Jeff Bezos, Amazon CEO, lost his title as the world’s richest person on Thursday. When the Amazon’s latest earning reports gave the unexpected results.
Forbes reported that Bezos’ fortune is most likely dependent upon the value of Amazon stock, worth $103.7 billion, on Thursday night.
Bezos now lagged by the Microsoft co-founder Bill Gates, whose net worth clocked in at $105.7 billion, per Forbes.
Amazon stock dropped by 8 percent in the after-hours of trading. The stock slide cost Bezos $7 billion in just a few hours as per CNBC. Amazon saw its first profit decline in more than two years.
Analysts attributed it to big investments in shipping.
“The company reported earnings of $4.23 for the third quarter vs. $4.62 expected”, according to analysts Refinitiv.

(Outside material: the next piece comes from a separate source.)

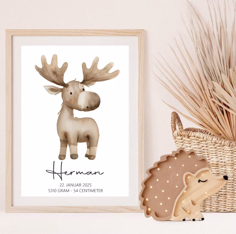 Fødselsplakat - elg På lager 99,- KJØP Nydelig fødselsplakat med barnets navn, fødselsdato, vekt & lengde.Printet på 250 grams papir.Dersom du kun ønsker bildet (uten tekst) - kan du la tekstfeltene stå tomme.Ramme medfølger ikke!
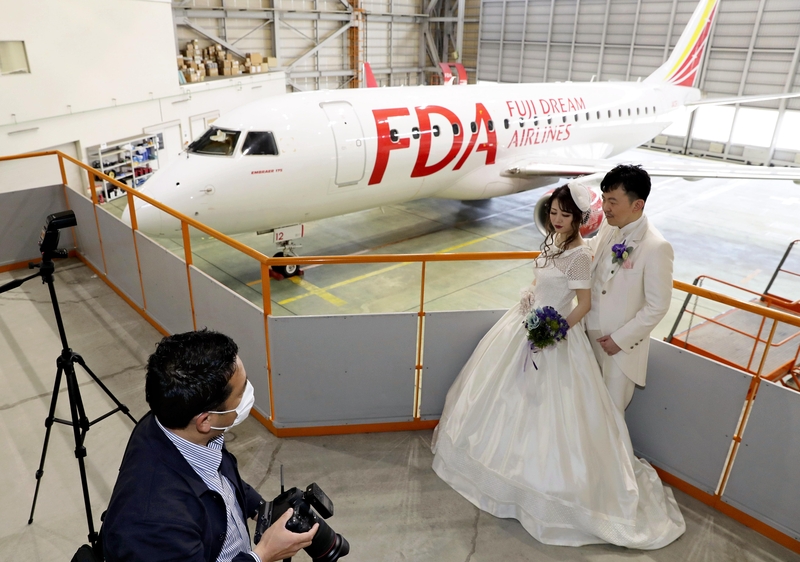 Fuji Dream Airlines has partnered with a bridal company to let couples take wedding photos in an aircraft hangar at Nagoya Airport in Aichi Prefecture, in lieu of a ceremony.

“Higher expenses/lower margins from faster shipping and Amazon Web Services investments further solidify AMZN’s competitive moat, in our view, and should lead to superior growth with higher margins over time,” SunTrust analyst Youssef Squali stated.
“While a soft 4Q guidance is weighing on shares post close, we find it generally conservative, and continue to view AMZN as one of the most attractive assets in our coverage universe,” Youssef added.
Many other analysts contribute their agreement to the statements.
“We remain Buy rated and we see any post-quarter share weakness as a good entry point against the long term narratives,” UBS analyst Eric Sheridan said.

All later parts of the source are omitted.